Building Data Orchestration and Notebooks as Functions

Details

Happy 2023 and we're going to kick start it with our first meetup back in Seattle downtown at the Common Room offices in Pioneer Square! Come for great technical content, discussions, and food! Please RSVP so we can make sure we have enough!

Agenda

  • 6pm: Doors Open, Eat, & networking
  • 6:30pm-7:10pm: Building Data Orchestration for Big Data Analytics in the Cloud by Jasmine Wang and Shouwei Chen from Alluxio
  • 7:15pm-7:55pm: Notebooks as Functions with Koushik Krishnan is a Site Reliability Engineer at Yugabyte
  • 8:15pm Close up

Session 1: Building Data Orchestration for Big Data Analytics in the Cloud

Abstract:
Cloud has been dramatically changing the landscape of data engineering as well as the behavior of data engineers. Specifically, data storage is migrating from the colocated model (e.g., HDFS) to a more cost-effective, more scalable but often fully disaggregated and remote data lake model (e.g. AWS S3). This has also created a strong need for data orchestration in the cloud  like what Kubernetes does for container-based workloads, so that data can be presented in the right layout at right location for data consuming applications on the cloud.

Originally developed from UC Berkeley AMPLab as research project "Tachyon", Alluxio (www.alluxio.io) implements the world’s first open-source data orchestration system in the cloud. Alluxio creates a unified access layer for data-driven applications in bigdata and ML, enabling Spark, Presto or TensorFlow and etc to transparently access different external storage systems while actively leveraging in-memory cache to accelerate data access.

In this talk, the speaker will present
- New trends and challenges in the data ecosystem in cloud era
- Effective Data engineering in the cloud world with data orchestration
- Production use cases of using popular stacks like Presto/Alluxio/S3

Speakers
Jasmine Wang is the Head of Community and DevRel at Alluxio.
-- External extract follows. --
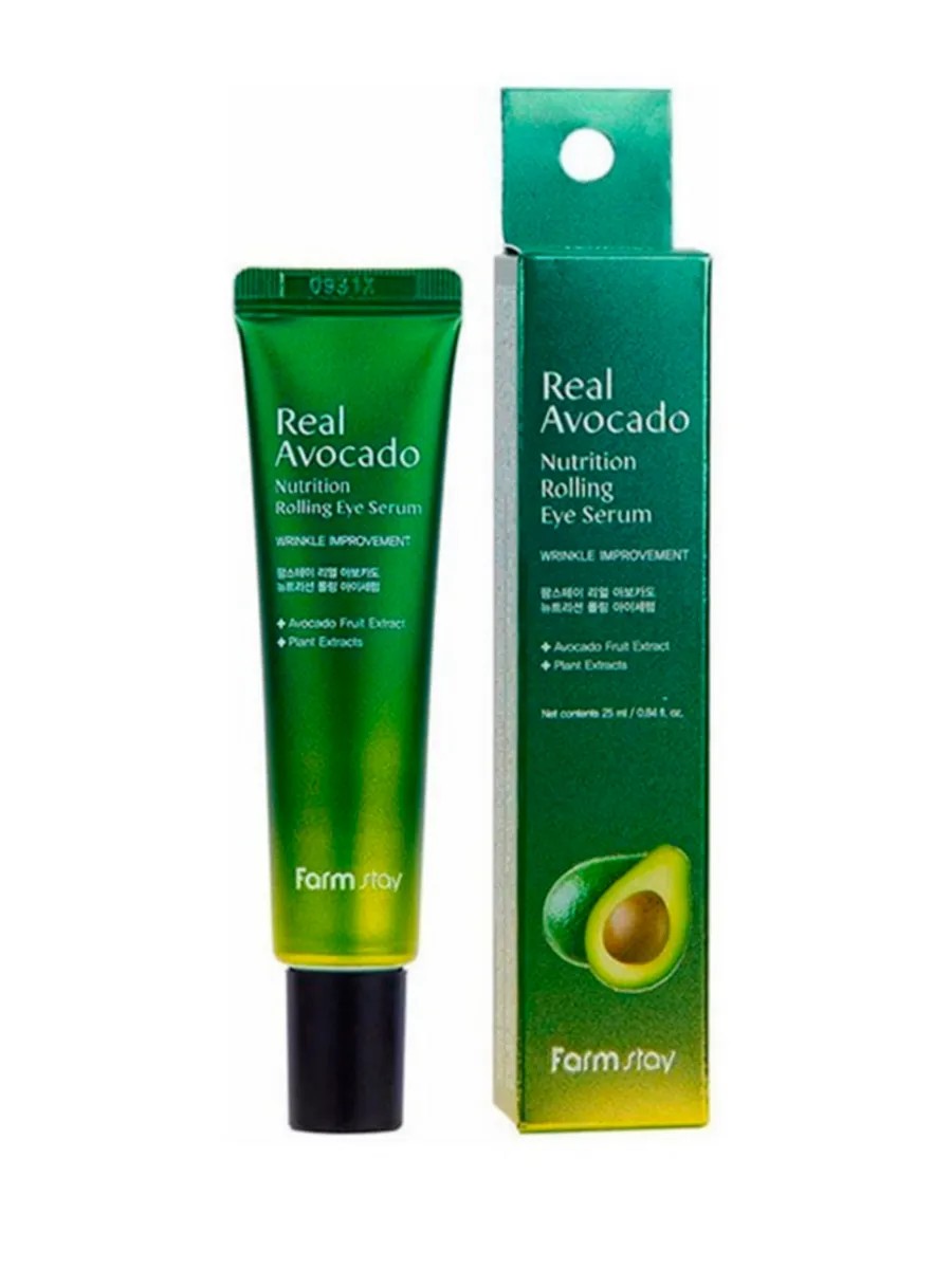 FarmStay Real Avocado Nutrition Rolling Eye Serum Сыворотка-роллер для кожи вокруг глаз с экстрактом авокадо Корея фарм стей 25мл. это идеальный союз природы и современных технологий для заботы о нежной коже вокруг глаз. Уникальная формула сыворотки, обогащенная экстрактом авокадо, обеспечивает глубокое увлажнение и питание, что делает её незаменимым помощником в вашем ежедневном уходе.

She is a former national debate champion who turned into a traveling yoga teacher with a strong passion in building teams and being the bridge at early startups in Silicon Valley. Previously, she worked as the Head of Global Talent Acquisition and Operations. Currently she is building the Alluxio open source community, responsible for community, developer relations, developer experience, and cross-community collaborations at Alluxio.

Dr. Shouwei Chen is a core maintainer and product manager of open-source Alluxio. Before joining Alluxio, Shouwei received a Ph.D. degree from Rutgers University. Shouwei’s research focuses on the codesign of the memory-centric computing frameworks with in-memory distributed file systems in large-scale environments.

Session 2: Notebooks as Functions

Jupyter notebooks are a wonderful environment to write code for both beginners and experienced individuals. The hard part comes when you want to take your notebook and productionize it. That's where Jupyrest comes to the rescue. Jupyrest is a tool that can turn Jupyter notebooks into HTTP functions. It's a serverless platform for Jupyter notebooks. I created Jupyrest at Microsoft and open sourced it earlier this year. In this talk I'll demonstrate how to use Jupyrest to productionize your Jupyter notebooks.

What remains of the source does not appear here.